10. normalize_year(text)

  • Converts 4-digit year expressions, especially when accompanied by context words like "সাল" or "সন", into spoken words.
  • Example Formats: ২০২৫ সাল, সাল ১৯৭১, ১৯৪৫ সন, 2024 (when context implies year)
from bangla_normalizer import normalize_year

text = "এটি ঘটেছিল ১৯৭১ সালে এবং পরিকল্পনাটি ২০২৫ সালের।"
normalized_text = normalize_year(text)
print(f"Normalized Years Only: {normalized_text}")
# Expected: Normalized Years Only: এটি ঘটেছিল উনিশশো একাত্তর সালে এবং পরিকল্পনাটি দুই হাজার পঁচিশ সালের।

11. normalize_numbers(text)

  • Converts standalone integers and floating-point numbers (Bengali/English digits, commas, negatives) into spoken words.
  • Note: This is applied last in the normalize_text pipeline to avoid conflicts with specific patterns already handled by other normalizers.
  • Example Formats: ১০০, 45, ২.৫, -১০.৭৫, ১,২৩,৪৫৬
from bangla_normalizer import normalize_numbers

# Note: Numbers within dates, times, etc., would be handled by their respective normalizers first in normalize_text.
text = "মোট নম্বর ছিল ১০০ এবং গড় ছিল ৭৫.৫ কেজি।"
normalized_text = normalize_numbers(text)
print(f"Normalized Numbers Only: {normalized_text}")
# Expected: Normalized Numbers Only: মোট নম্বর ছিল একশো এবং গড় ছিল পঁচাত্তর দশমিক পাঁচ কেজি।

Bangla Normalizer Extractors

This document describes the extractor functions found within the bangla_normalizer.extractor module. These functions are designed to detect and extract specific patterns from Bengali text, such as dates, phone numbers, currency amounts, etc., using regular expressions.
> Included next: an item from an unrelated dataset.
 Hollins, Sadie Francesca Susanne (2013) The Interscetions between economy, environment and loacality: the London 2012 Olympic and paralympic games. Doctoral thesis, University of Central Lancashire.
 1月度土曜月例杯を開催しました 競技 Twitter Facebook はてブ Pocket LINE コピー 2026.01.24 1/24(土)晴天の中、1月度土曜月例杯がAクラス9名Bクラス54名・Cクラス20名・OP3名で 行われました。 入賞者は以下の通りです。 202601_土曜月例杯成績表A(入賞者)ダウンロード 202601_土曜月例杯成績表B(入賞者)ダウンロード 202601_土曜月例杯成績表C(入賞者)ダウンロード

They are primarily used internally by the normalizer functions (normalizer.py) to identify which parts of the text need conversion. However, you can import and use these functions directly if your task only requires finding these patterns without necessarily converting them to words.
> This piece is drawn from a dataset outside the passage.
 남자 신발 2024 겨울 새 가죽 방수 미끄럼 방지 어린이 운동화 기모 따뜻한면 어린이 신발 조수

Key Features of Extractors:

  • Each function targets a specific type of textual element.
  • They typically return a list of strings, where each string is a detected match found in the input text.
  • They are designed to handle variations in formatting, including both Bengali (০-৯) and Western (0-9) digits where applicable.
  • The regular expressions aim for accuracy but might occasionally have edge cases or limitations depending on the complexity and ambiguity of the text.

Importing Extractors

To use these functions directly, import them from the extractor submodule:

from bangla_normalizer.extractor import extract_mobile_numbers, extract_bengali_dates
# Import other functions as needed

Function Descriptions and Examples

1. extract_mobile_numbers(text)

  • Description: Finds potential Bangladeshi mobile phone numbers in the text. It looks for standard prefixes (013-019 or ০১৩-০১৯), allows for an optional +88 or +৮৮ prefix, and handles an optional hyphen in the common NNN-NNNNNN format. It tries to avoid matching invalid sequences or numbers embedded within other words/codes.
  • Supported Formats (Examples): ০১৭১২৩৪৫৬৭৮, +৮৮০১৭১২৩৪৫৬৭৮, 01712-345678, +8801612345677
  • Returns: list[str] - A list of matched phone number strings.
from bangla_normalizer.extractor import extract_mobile_numbers

text = "তার নম্বর 01712345678 এবং অন্যটি +৮৮০১৯৮৭-৬৫৪৩২১।"
numbers = extract_mobile_numbers(text)
print(f"Mobile numbers found: {numbers}")

# Expected Output:
# Mobile numbers found: ['01712345678', '+৮৮০১৯৮৭-৬৫৪৩২১']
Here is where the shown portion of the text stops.